People and organisations
- Head of state: Yitzhak Ben-Zvi (until 23 April 1963) Zalman Shazar (from 21 May 1963)
- Head of government: David Ben-Gurion
- Member parties: Mapai National Religious Party Ahdut HaAvoda Poalei Agudat Yisrael Cooperation and Brotherhood Progress and Development
- Status in legislature: Coalition
- Opposition leader: Menachem Begin

History
- Election: 1961 Israeli legislative election
- Legislature term: 5th Knesset
- Predecessor: 9th cabinet of Israel
- Successor: 11th cabinet of Israel

= Tenth government of Israel =

1961–63 government led by David Ben-Gurion

The tenth government of Israel was formed on 2 November 1961 following the August elections.
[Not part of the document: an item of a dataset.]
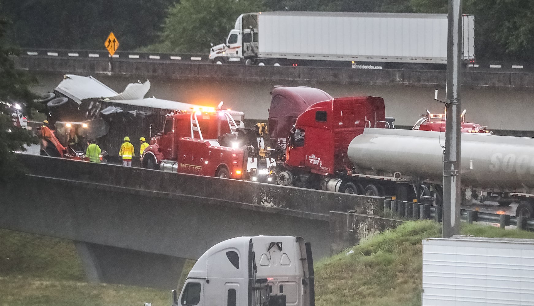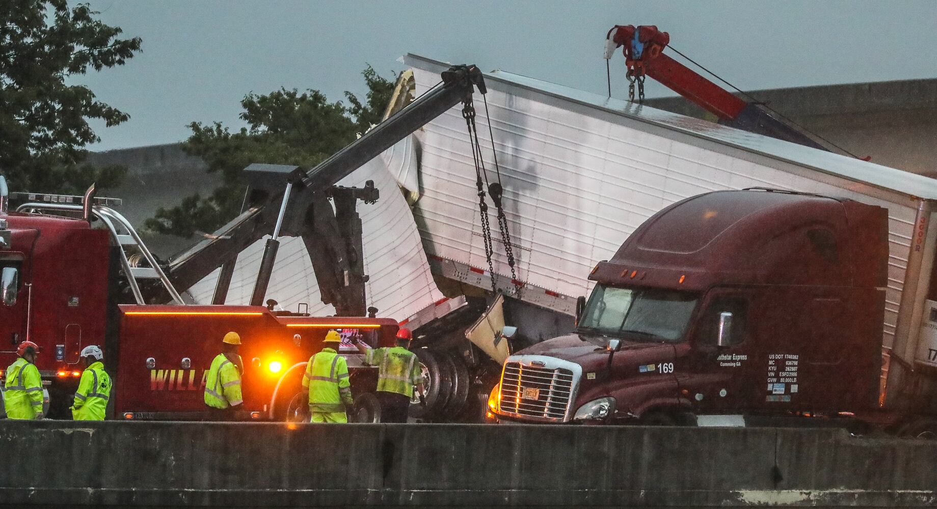 Two tractor-trailers collided at the ramp from I-285 East to I-85 North, blocking it early Monday morning.

Although David Ben-Gurion was appointed prime minister, the government was actually formed by Minister of Finance Levi Eshkol. On 7 September Ben-Gurion had told President Yitzhak Ben-Zvi that he was unable to form a government; on 14 September Ben-Zvi asked Eshkol to form a government, with Eshkol subsequently announcing that he would do so with Ben-Gurion as PM. It turned out to be the last government led by Ben-Gurion.

The coalition included Mapai, the National Religious Party, Ahdut HaAvoda, Poalei Agudat Yisrael, Cooperation and Brotherhood and Progress and Development. Deputy Ministers were appointed four days after the cabinet was in place.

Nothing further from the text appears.